When I was a child, I thought of the Trinity as something of a celestial committee. There was God the Father, God the Son and God the Holy Spirit. The last character used to be called God the Holy Ghost, but, about the same time that the Beatles came to America, he decided to change his name to Holy Spirit.
I didn’t want to offend any one of the committee members through neglect, so I assigned each of them two days of the week, in which I would direct my prayer to him. Of course there are seven days of the week, so I gave one of them to the Blessed Virgin. I was covered.

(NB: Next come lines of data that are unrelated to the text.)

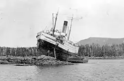 On March 7, 1916, at 2:00 am, while en route to Masset, Camosun under the command of Capt. A.E. Dickson, was moving at one-quarter speed through a heavy snow storm.[11] The ship went aground near Prince Rupert harbor, at Digby Island.[11] At low tide the vessel was completely clear of the water. The seventeen passengers on board were removed by rescue vessels which had come from Prince Rupert.[11] To lighten the ship to allow it to float free at high tide, cargo bound for the Queen Charlotte Islands, including 100 tons of coal, was off-loaded into smaller transshipment vessels.[11] Camosun's strongly built hull allowed the ship to remain on the rock without damage until March 17, when the ship was finally got off under its own power.[11] The damage from the grounding turned out to be minor.[11]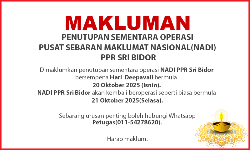 Tarikh : 25 & 27 Oktober 2025 Masa : 2:00pm – 3:00pm Tempat : NADI PPR Sri Bidor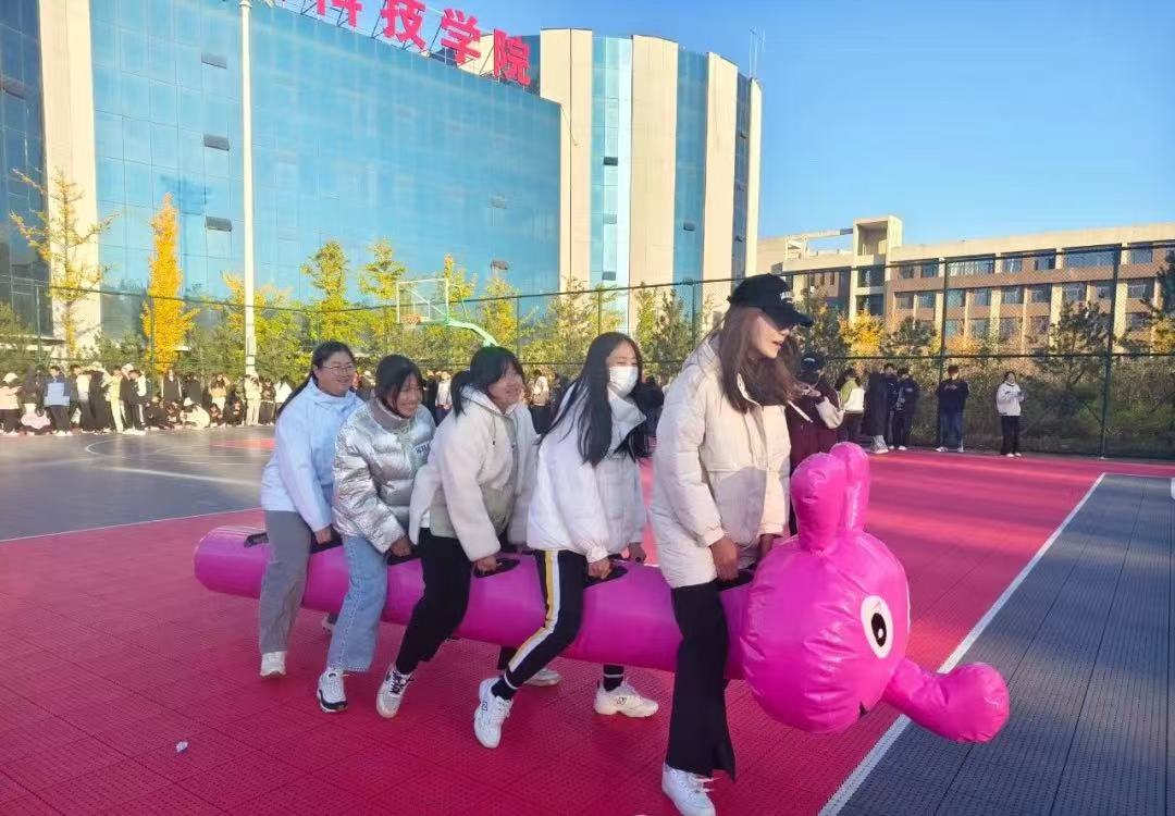 随着裁判员的一声哨响,毛毛虫趣味运动会正式拉开帷幕。参赛队员们骑在充气后的毛毛虫上,双手紧握固定把手,随着一声令下,大家齐心协力,步伐一致地向前冲刺。操场上, 呐喊声、加油声此起彼伏,同学们的脸上洋溢着欢笑与汗水,充分展现了青春的活力与激情。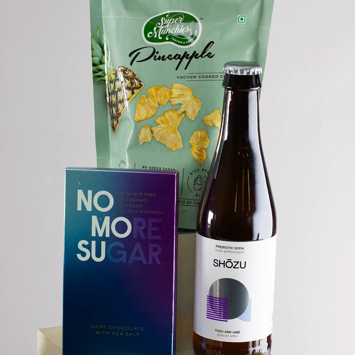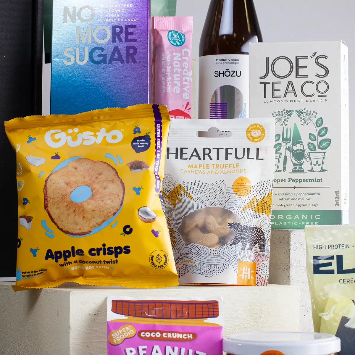 Our Healthy Gift Box is a pick me up or hug in a gift, including healthy drinks, snacks and treats; it's the perfect Father's Day present for a Dad who likes to look after himself. While the specific items may vary, each box is designed to include an assortment of vegan delights, carefully selected for their quality and flavour. From revitalising snacks to soothing teas, and even prebiotic sodas for a refreshing lift, this gift box offers a symphony of taste and nourishment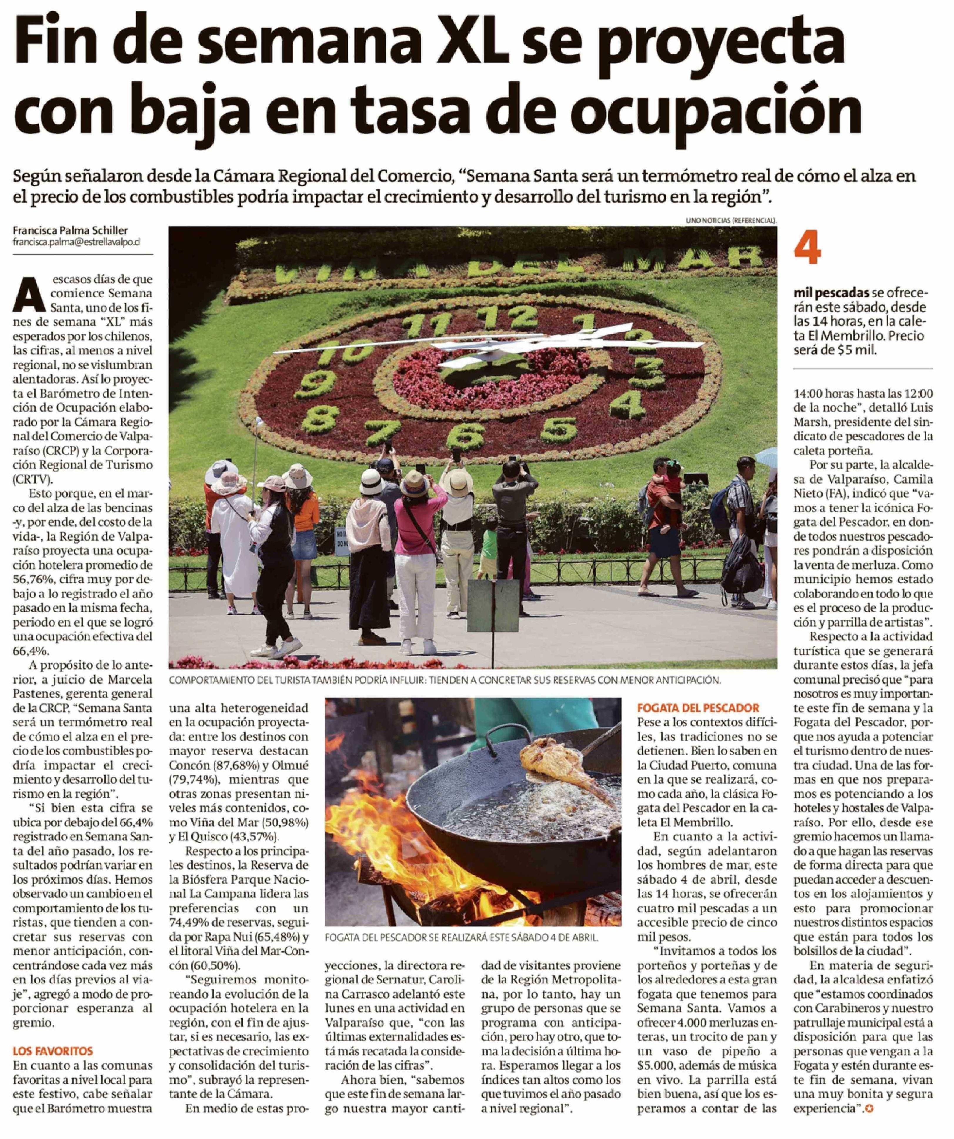 Fin de semana XL se proyecta con baja en tasa de ocupación 31-03-2026 La Estrella de Valparaíso |

Sadly, many Christians share my youthful perception of the Trinity. It seems so superfluous. The acclaimed Neapolitan novelist Elena Ferrante perfectly capture this attitude in her wonderful story of childhood companions, My Brilliant Friend (2012). Growing up in post-war Naples, Elena is one of the few smart girls and is chosen for high school studies. Her even-smarter friend, Lila, is not, as she is needed at home. When Elena shares what she is learning in high school religion, Lila finds it meaningless in comparison to crawling out of poverty. Already a young Communist, to her mind
the human condition was so obviously exposed to the blind fury of chance that to trust in a God, a Jesus, the Holy Spirit—this last a completely superfluous entity, it was there only to make up a trinity, notoriously nobler than the mere binomial father-son—was the same thing as collecting trading cards while the city burns in the fires of hell.

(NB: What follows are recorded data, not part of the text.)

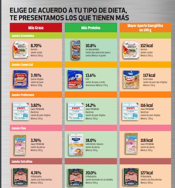 San Rafael - Jamón Real de Pavo de 300 gramos: esta marca se ha destacado como la mejor en su categoría. Una porción de este jamón contiene aproximadamente 2.20 gramos de grasa, con una proteína libre de grasa que representa el 15 por ciento y un aporte calórico de 101 kilocalorías por cada 100 gramos del producto.
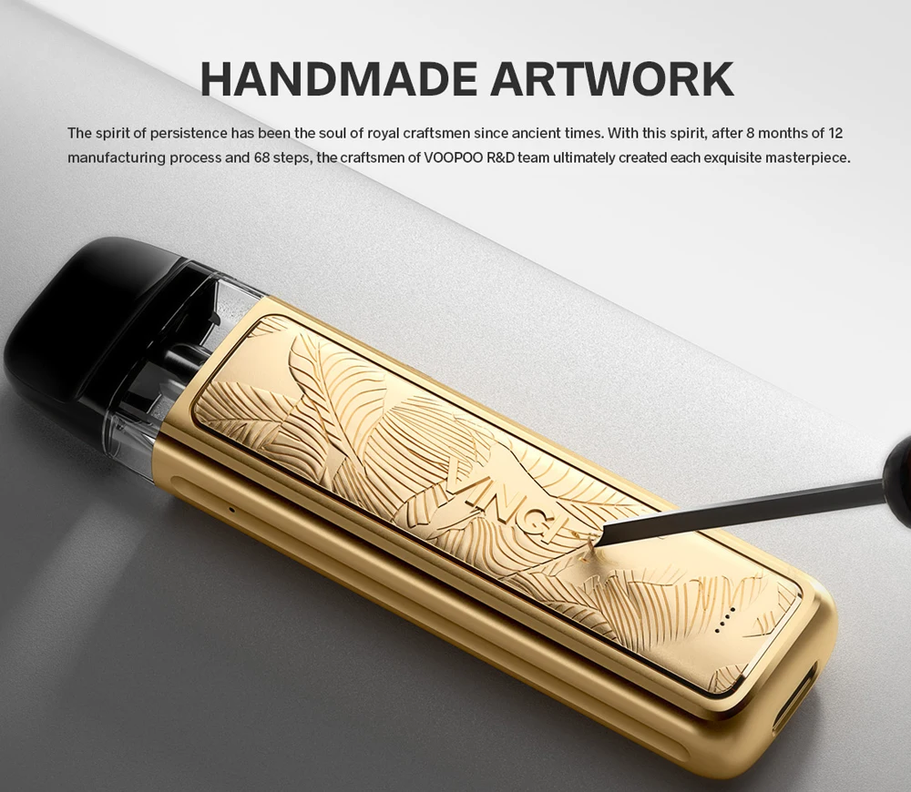 VINCI Pod Kit Royal Edition, yalnızca VINCI Pod'un taşınabilir görünümünü miras almakla kalmıyor, aynı zamanda 6061 alüminyum alaşımından oluşan havacılık malzemesiyle birlikte klasik kabartma heykel teknolojisini de kullanıyor. VINCI Pod Kit Royal Edition, 11-15W güç aralığına sahip 800mAh dahili pile sahiptir. 2ml kapasiteli, üstten doldurulabilir görünür kartuşla donatıldığından, yeniden doldurmanız kolaydır. VINCI Pod Kit Royal Edition'a yükseltilmiş sızıntıya karşı dayanıklılık işlevi uygulanmıştır. Pakette iki bölme bulunmaktadır: örgü 0.8 Ohm bölme ve örgü 1.2 Ohm bölme. Ayrıca VINCI Pod Kit Royal Edition, Vinci Q, Drag Nano 2 ve Vinci Pod kartuşlarıyla uyumludur.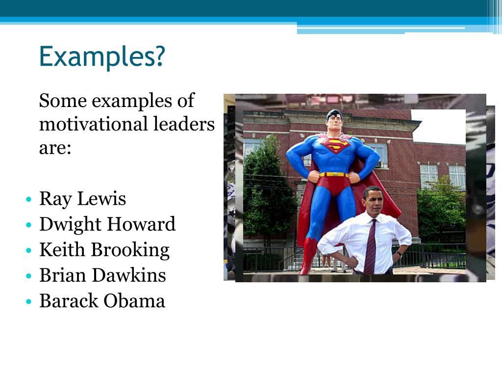 Examples? Some examples of motivational leaders are: • Ray Lewis • Dwight Howard • Keith Brooking • Brian Dawkins • Barack Obama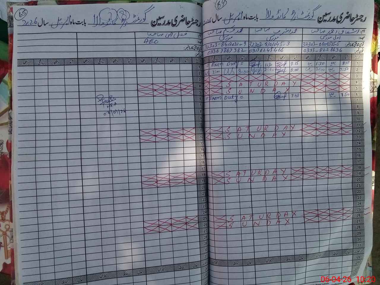 | Name: AS**** AH**** Designation: (School Headmaster's/Headmistress's) PST Phone/Cell Number: 03**** |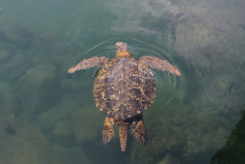 Bei einem kurzen Landgang sehen wir in einem Becken eine Meeresschildkröte majestätisch vorbeigleiten und freuen uns schon auf das Schnorcheln, das sich anschließt.

Lila has a point. Christians profess the Trinity, but, let us admit, we don’t know what to make of it. How does this mystery of the Godhead impact our lives? What difference does it make?
I want to say, it causes us to rethink ourselves, to see our own humanity as lying open to mystery. To profess God to be a trinity of persons is say that God is not a fact, which we master, but a personhood, whom we encounter, and, like all other persons, to encounter God is not superfluity but rather superabundance. Our knowledge of God never exhausts who God is, because as a person, as the basis of our human personhood, God is an ocean depth of mystery.
There’s a delightful little passage from My Brilliant Friend, which captures the sheer depth of human encounter. To love another is to drown in abundance. We never exhaust the other, never find the bottom of his or her person. Elena remembers walking the streets of Naples with Lila.
We were twelve years old, but we walked along the hot streets of the neighborhood, amid the dust and flies that the occasional old trucks stirred up as they passed, like two old ladies taking the measure of lives of disappointment, clinging tightly to each other. No one understood us, only we two—I thought—understood one another.
A single person can become all the world to another, because there is a depth, a transcendence, to our humanity. You can’t draw a line around our persons and say, “This is where we begin, and this is where we end.” To love another is to know abundance. “No one understood us, only we two—I thought—understood one another.”
The rich receptivity of our humanity mirrors the transcendence of the Trinity. God doesn’t simply encounter us in love. God is an encounter of love. God is an ocean depth of exchange and delight. God is love content.
To love another is to enter a world that never exhausts itself, never goes down into entropy. Don’t tell a bride and groom you hope that their love will be always as strong as on the day of their wedding. It should grow fiercer in each day of encounter. True love is an abundance. That’s why love is the great cipher to the meaning of the universe, which, we Christians say, is love itself, the Most Holy Trinity.
Does that make a difference in the streets? Does this mystery have a meaning for humans? It depends. The Trinity doesn’t exist to be examined. It exists to be embraced by us, and we exist to be enfolded by it. But how do we open ourselves to the mystery of the Trinity? By opening to the mystery of ourselves.